→ **ASSIGNMENT**:
Give back the lines below verbatim, omitting all pictures.
*** Opening INFORMATION PROVIDED ***
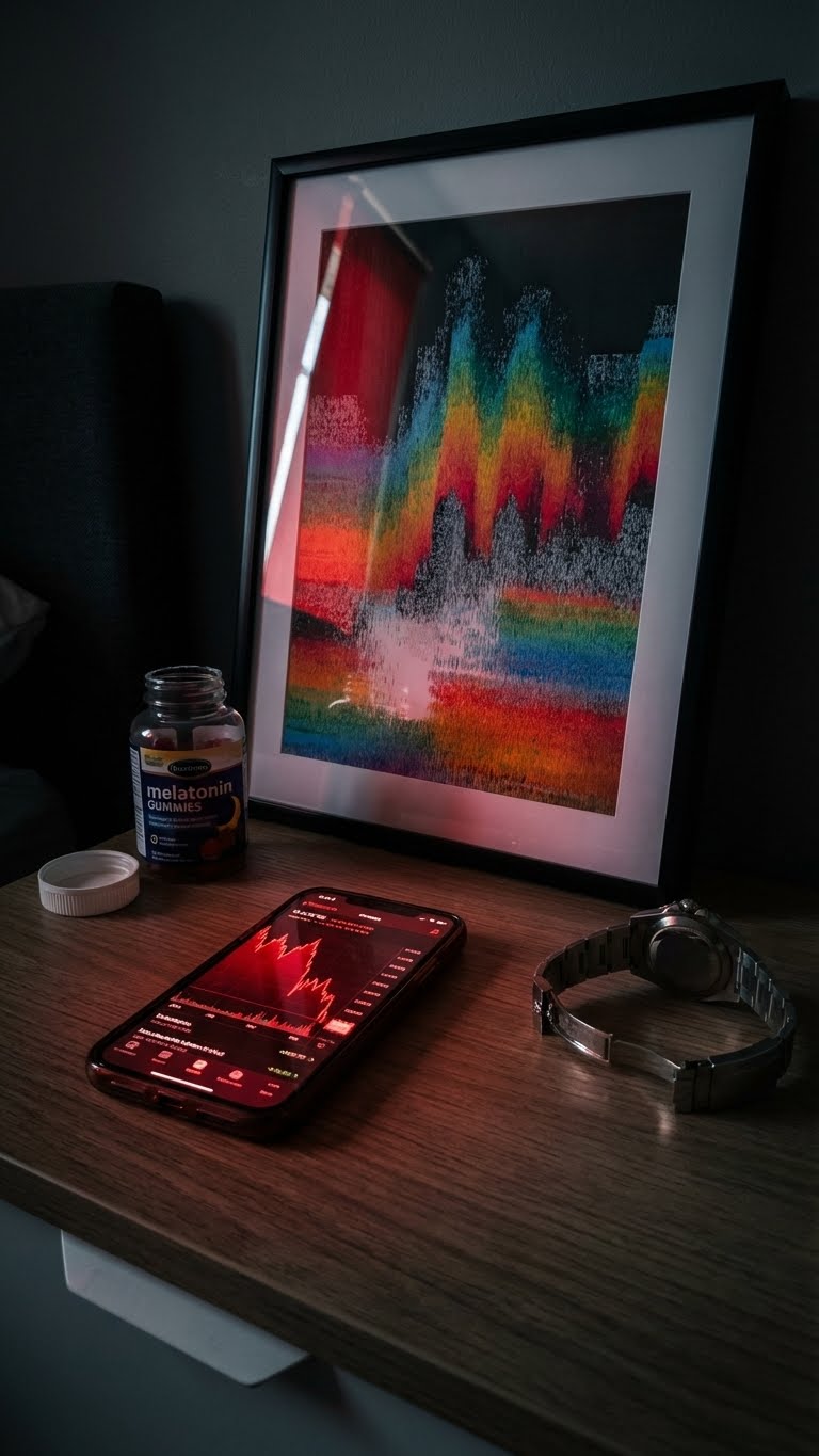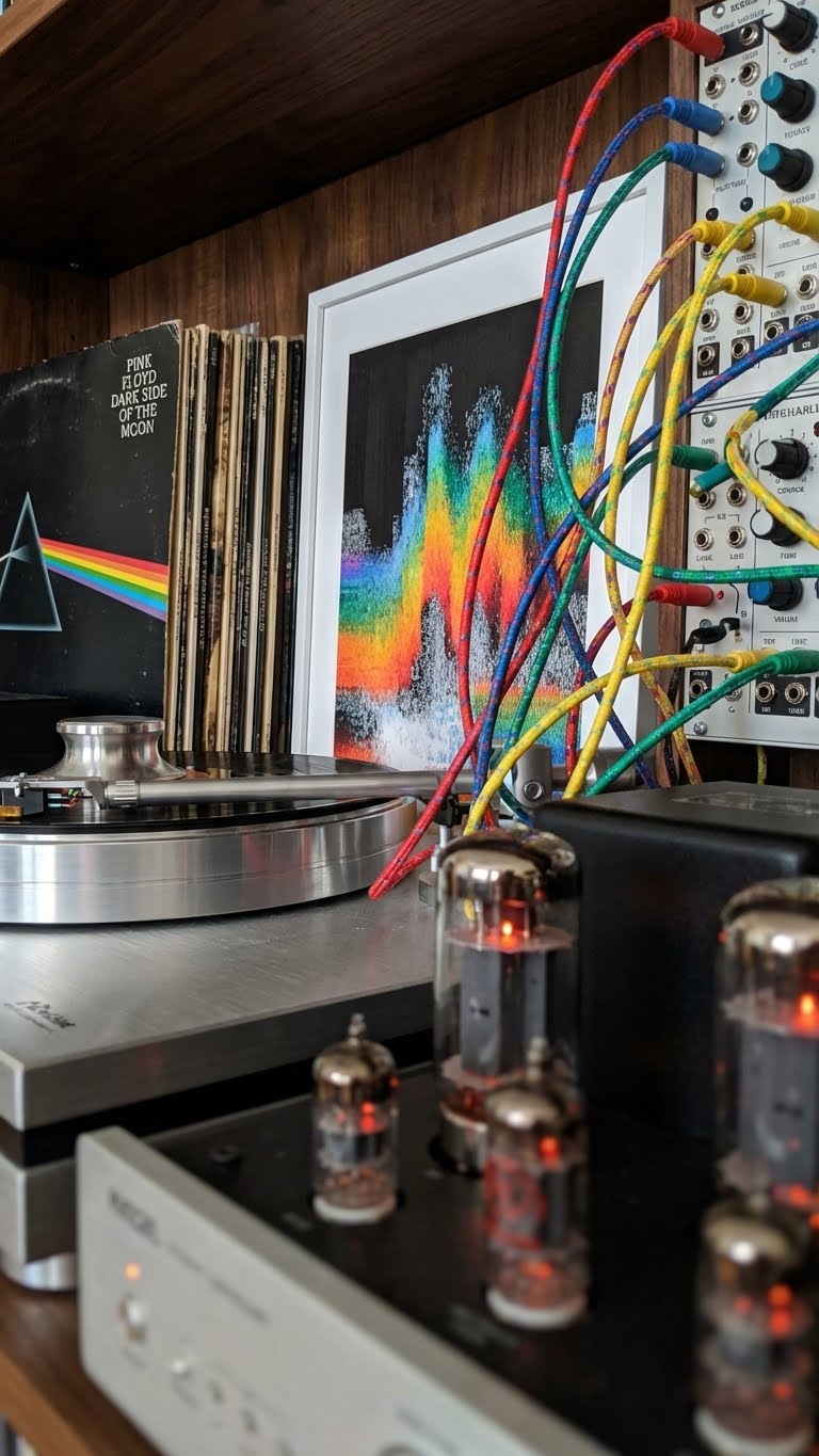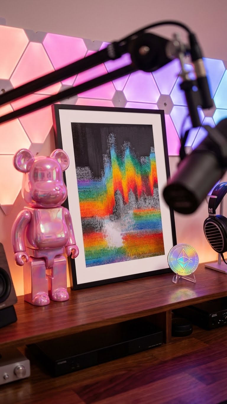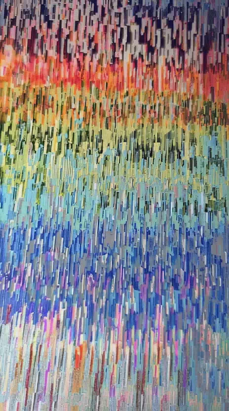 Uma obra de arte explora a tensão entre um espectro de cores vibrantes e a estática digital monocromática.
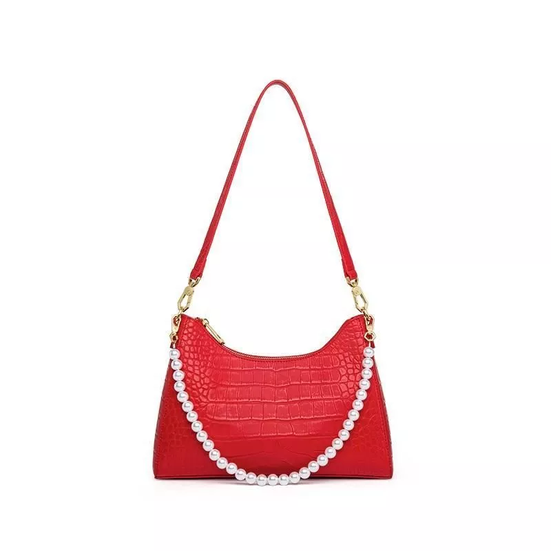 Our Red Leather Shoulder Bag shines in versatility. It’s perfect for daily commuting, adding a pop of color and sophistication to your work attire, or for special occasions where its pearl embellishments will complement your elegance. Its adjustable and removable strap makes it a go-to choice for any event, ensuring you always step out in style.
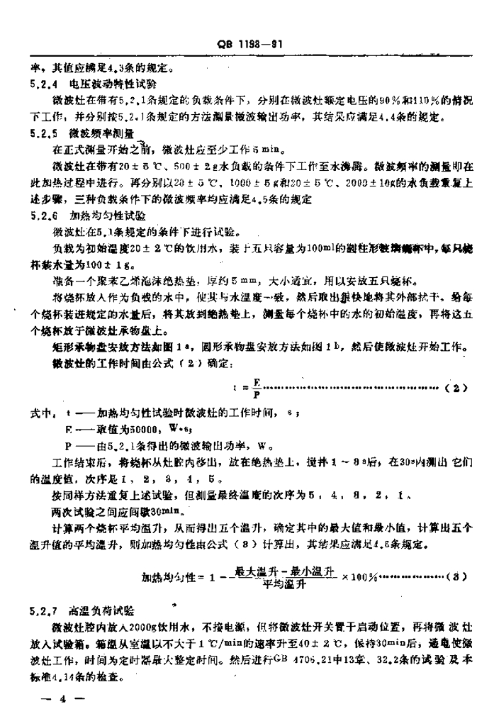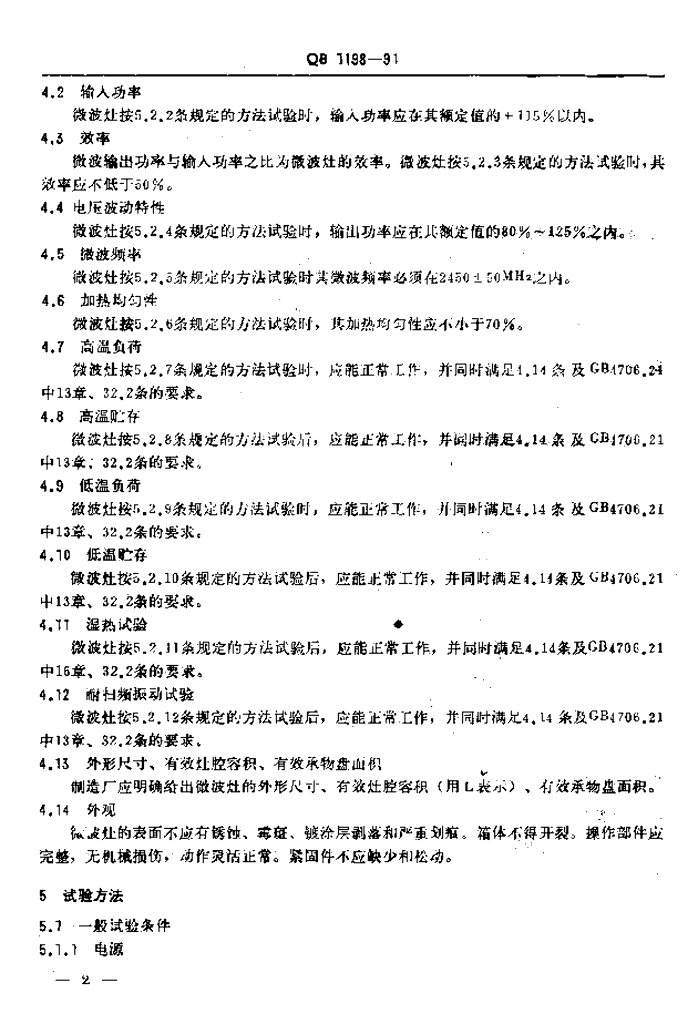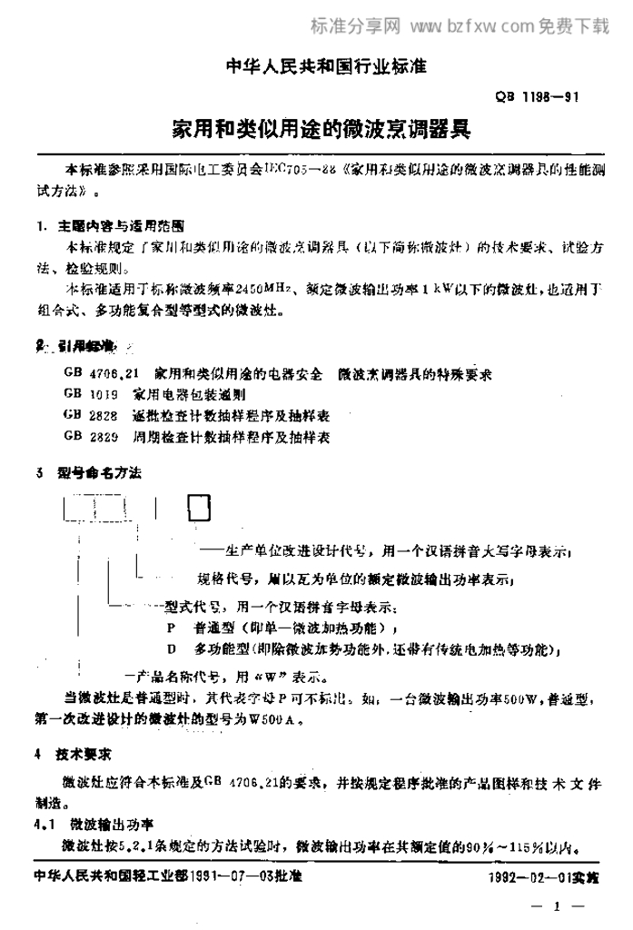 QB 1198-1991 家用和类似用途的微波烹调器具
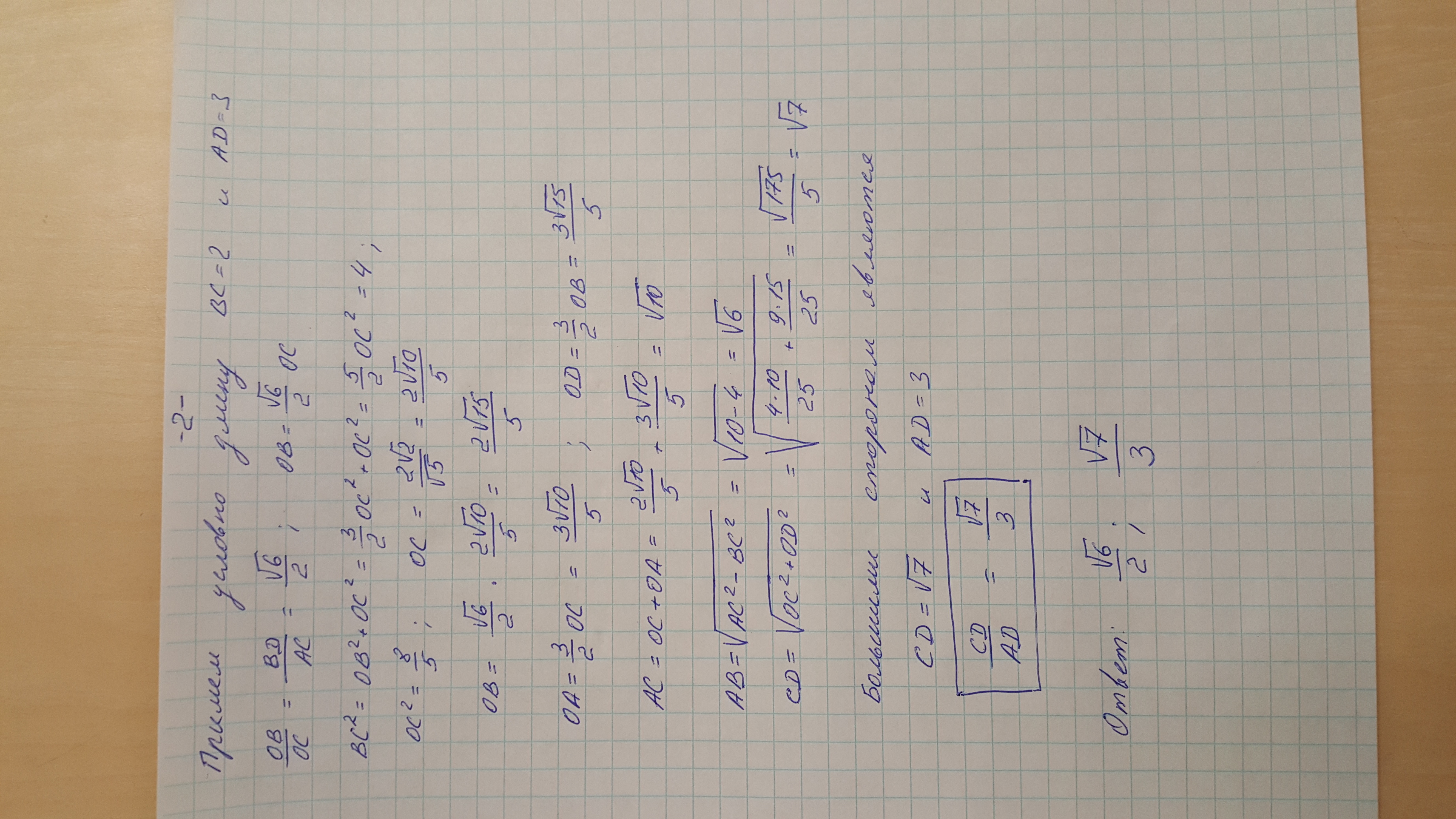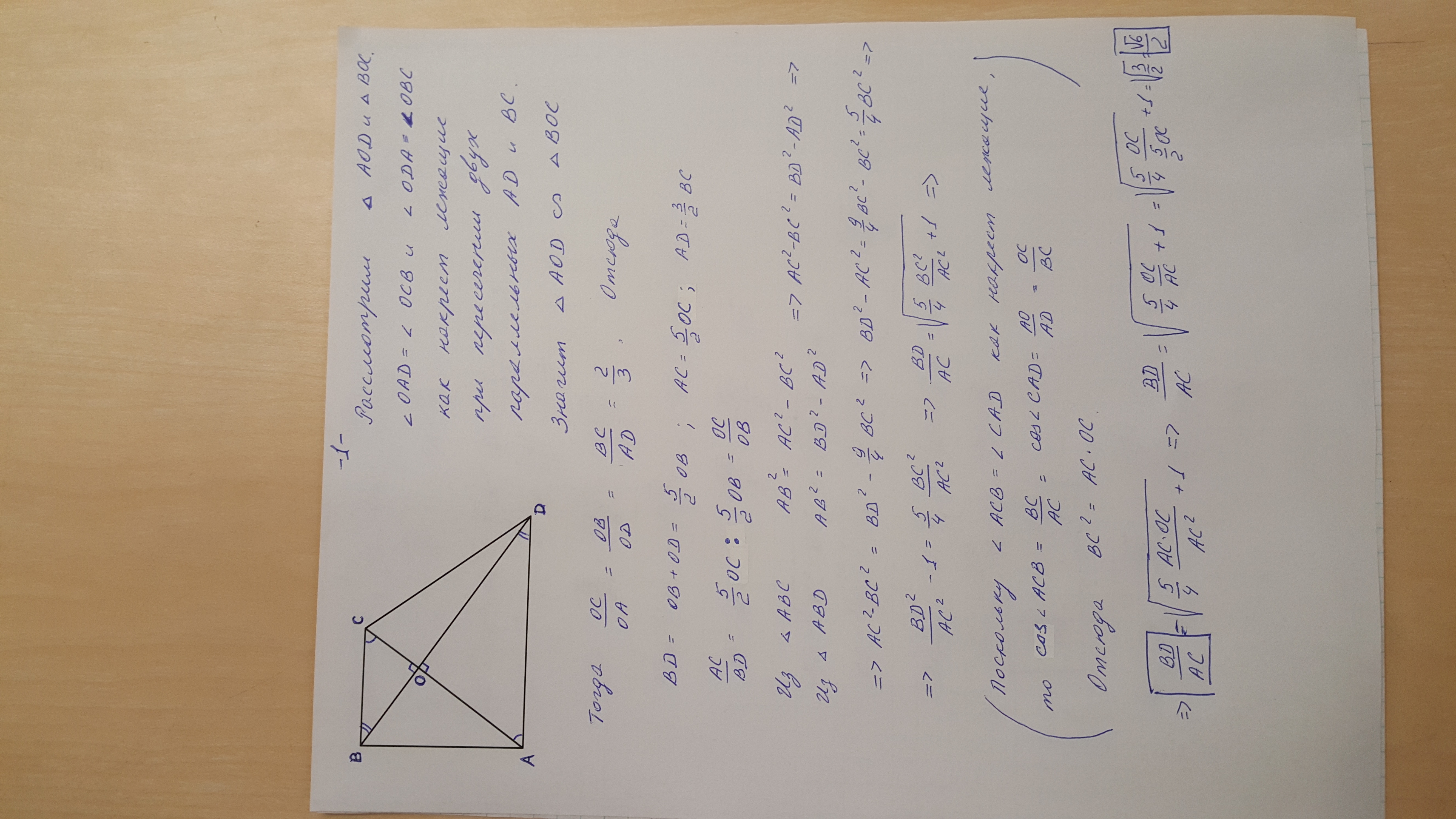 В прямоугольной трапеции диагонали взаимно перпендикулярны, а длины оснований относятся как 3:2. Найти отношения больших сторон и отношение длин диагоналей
*** Closing INFORMATION PROVIDED ***
→ **RESPONSE BELOW**:
 Uma obra de arte explora a tensão entre um espectro de cores vibrantes e a estática digital monocromática.
 Our Red Leather Shoulder Bag shines in versatility. It’s perfect for daily commuting, adding a pop of color and sophistication to your work attire, or for special occasions where its pearl embellishments will complement your elegance. Its adjustable and removable strap makes it a go-to choice for any event, ensuring you always step out in style.
 QB 1198-1991 家用和类似用途的微波烹调器具
 В прямоугольной трапеции диагонали взаимно перпендикулярны, а длины оснований относятся как 3:2. Найти отношения больших сторон и отношение длин диагоналей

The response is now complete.